“Should I stay or should I go?” a twenty-something colleague asked me recently, glancing at the closed door of the editor’s office and wondering whether she should wait until its inhabitant was off the phone or leave to make it to an appointment with her stylist.
“Ah,” I replied. “That is the eternal question. The Clash asked that question almost 30 years ago, and we are still asking it today.”
She gave me one of those blank stares that people of a certain age do so well.
“Who’s that?” she asked.
I was shocked. Shocked that anyone should be unaware of one of the most important bands to blast onto the scene during the British punk explosion of the late 1970s.
Joe Strummer, Mick Jones, Paul Simonon and Nicky “Topper” Headon combined to create a gritty, edgy expression of their view of the world built on themes that identified their time, and left us with a timeless statement of belligerent beauty, including “Should I stay or should I go,” which is one of the most poignant relationship songs ever written.
“Never heard of them,” my colleague said. She indicated that since she is not yet 30 years old, she couldn’t possibly be expected to be familiar with ancient bands like this, and gave the impression that anything that happened more than 30 years ago isn’t worth knowing.
That is where things get sticky.
Young people have an irksome habit of acting as if their version of pop culture is the first of its kind.
The fact is, there isn’t much that is really “new.”
Most things are simply a re-organization of elements borrowed or flat out stolen from things that have come before.
Those who do the best job of interpreting the past and taking it in a new direction are the innovators of their day. This is true whether it is music, art, or literature.
We will never understand this if we are not at least somewhat familiar with what has been done in the past.
Knowing something about the past also adds to our enjoyment of music because we can detect influences from other musicians and styles when we listen to it.
Some people see it as their duty to pass on this knowledge to their children or others around them.
They believe their kids should be exposed to everything from Beethoven to The Bangles; from Brubeck to Bowie; from AC/DC to ZZ Top.
We are fortunate to have the luxury of being able to choose from a multitude of music styles to fit any mood.
To say that we should be aware of the past does not mean that we should not appreciate the new music that is being produced today.
In every generation there are a few musicians who rise up from the morass of mediocrity, and we must be prepared to embrace them when they do.
One of my favorite new artists is the Welsh singer, Duffy. She has a voice that hits one with the power of a commuter train re-arranging an errant pedestrian, which is to say, it has impact.
As fresh as she is, there is something in her music that is reminiscent of the best of the Motown sound of the 1960s.
The generation clash works in both directions. Some refuse to acknowledge the music of the past, while others refuse to consider anything new.

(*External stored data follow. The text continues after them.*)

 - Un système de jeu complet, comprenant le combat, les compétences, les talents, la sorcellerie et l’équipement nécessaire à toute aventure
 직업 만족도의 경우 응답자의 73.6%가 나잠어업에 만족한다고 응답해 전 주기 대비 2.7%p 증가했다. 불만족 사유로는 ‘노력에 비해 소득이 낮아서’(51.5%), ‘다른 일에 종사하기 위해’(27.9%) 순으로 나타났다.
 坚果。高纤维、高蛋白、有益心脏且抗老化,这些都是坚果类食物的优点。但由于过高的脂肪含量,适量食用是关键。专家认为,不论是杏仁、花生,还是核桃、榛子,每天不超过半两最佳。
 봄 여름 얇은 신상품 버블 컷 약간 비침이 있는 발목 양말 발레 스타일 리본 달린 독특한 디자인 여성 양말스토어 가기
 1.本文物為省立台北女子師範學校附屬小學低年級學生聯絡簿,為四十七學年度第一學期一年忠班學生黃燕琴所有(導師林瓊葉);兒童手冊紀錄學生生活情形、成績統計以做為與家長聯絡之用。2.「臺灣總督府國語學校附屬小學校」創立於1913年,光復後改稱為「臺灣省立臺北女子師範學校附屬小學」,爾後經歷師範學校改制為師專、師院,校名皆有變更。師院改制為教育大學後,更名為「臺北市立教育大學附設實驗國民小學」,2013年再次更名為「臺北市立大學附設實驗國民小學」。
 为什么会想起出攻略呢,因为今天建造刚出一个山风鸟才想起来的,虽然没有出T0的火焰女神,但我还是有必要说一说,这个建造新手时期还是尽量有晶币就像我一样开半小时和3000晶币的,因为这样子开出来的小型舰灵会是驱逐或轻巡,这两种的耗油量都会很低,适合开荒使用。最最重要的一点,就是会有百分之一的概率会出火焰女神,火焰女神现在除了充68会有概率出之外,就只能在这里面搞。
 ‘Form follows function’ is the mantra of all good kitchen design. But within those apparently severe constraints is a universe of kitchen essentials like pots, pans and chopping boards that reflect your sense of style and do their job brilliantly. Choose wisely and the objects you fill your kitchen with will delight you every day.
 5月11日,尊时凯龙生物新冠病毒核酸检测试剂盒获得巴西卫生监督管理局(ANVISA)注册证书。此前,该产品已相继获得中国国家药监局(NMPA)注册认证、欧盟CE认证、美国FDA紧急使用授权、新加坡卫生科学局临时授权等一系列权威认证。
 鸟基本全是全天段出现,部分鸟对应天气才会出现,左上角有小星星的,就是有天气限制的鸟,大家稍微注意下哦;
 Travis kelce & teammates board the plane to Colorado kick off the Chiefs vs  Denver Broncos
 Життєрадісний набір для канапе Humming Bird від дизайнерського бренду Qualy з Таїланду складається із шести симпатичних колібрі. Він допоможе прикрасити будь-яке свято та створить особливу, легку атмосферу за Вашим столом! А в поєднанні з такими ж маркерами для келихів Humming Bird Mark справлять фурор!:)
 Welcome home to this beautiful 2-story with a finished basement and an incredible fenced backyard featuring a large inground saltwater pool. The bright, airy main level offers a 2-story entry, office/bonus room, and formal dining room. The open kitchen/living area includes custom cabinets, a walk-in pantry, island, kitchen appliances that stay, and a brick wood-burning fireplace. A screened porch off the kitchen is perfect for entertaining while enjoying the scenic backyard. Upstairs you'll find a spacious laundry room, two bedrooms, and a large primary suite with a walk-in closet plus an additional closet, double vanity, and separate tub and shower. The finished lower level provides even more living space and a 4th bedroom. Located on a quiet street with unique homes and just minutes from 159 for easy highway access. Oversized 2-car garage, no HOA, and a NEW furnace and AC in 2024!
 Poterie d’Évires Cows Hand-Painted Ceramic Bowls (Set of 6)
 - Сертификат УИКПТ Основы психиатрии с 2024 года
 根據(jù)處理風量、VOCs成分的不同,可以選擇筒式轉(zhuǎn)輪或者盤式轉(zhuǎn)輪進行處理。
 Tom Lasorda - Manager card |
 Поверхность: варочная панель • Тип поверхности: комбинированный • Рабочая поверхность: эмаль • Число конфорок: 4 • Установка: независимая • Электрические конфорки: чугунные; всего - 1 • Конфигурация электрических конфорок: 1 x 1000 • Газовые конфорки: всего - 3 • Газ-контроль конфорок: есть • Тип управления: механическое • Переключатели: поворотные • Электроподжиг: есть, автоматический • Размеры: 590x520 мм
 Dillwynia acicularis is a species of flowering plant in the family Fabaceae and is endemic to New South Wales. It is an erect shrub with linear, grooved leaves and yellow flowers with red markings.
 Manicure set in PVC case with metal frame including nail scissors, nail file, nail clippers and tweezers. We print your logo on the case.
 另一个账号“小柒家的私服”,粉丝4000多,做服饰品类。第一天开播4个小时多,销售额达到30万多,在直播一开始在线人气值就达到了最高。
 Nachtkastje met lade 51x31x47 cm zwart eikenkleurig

We all have a special fondness for the music that was popular during our formative years, as it were, and this is understandable.
And yet, there is something infinitely sad about people who latch on to the music that they listened to in high school, and refuse to listen to anything else from that point on, as if they are frozen in time.
No music is that good.
We need not abandon the music of our youth, but we should make room for new experiences, including embracing the best new artists and discovering gems from the past.
With that said, it would be better to let the music die than to have it live on as elevator music or worse.
It makes my skin crawl when I hear songs that were once edgy and fresh and real that have been watered down and neutered by some advertising agency for use in car commercials or other soulless tripe.
The generation clash is always out there, and we must use care to avoid crashing into it no matter what age we are.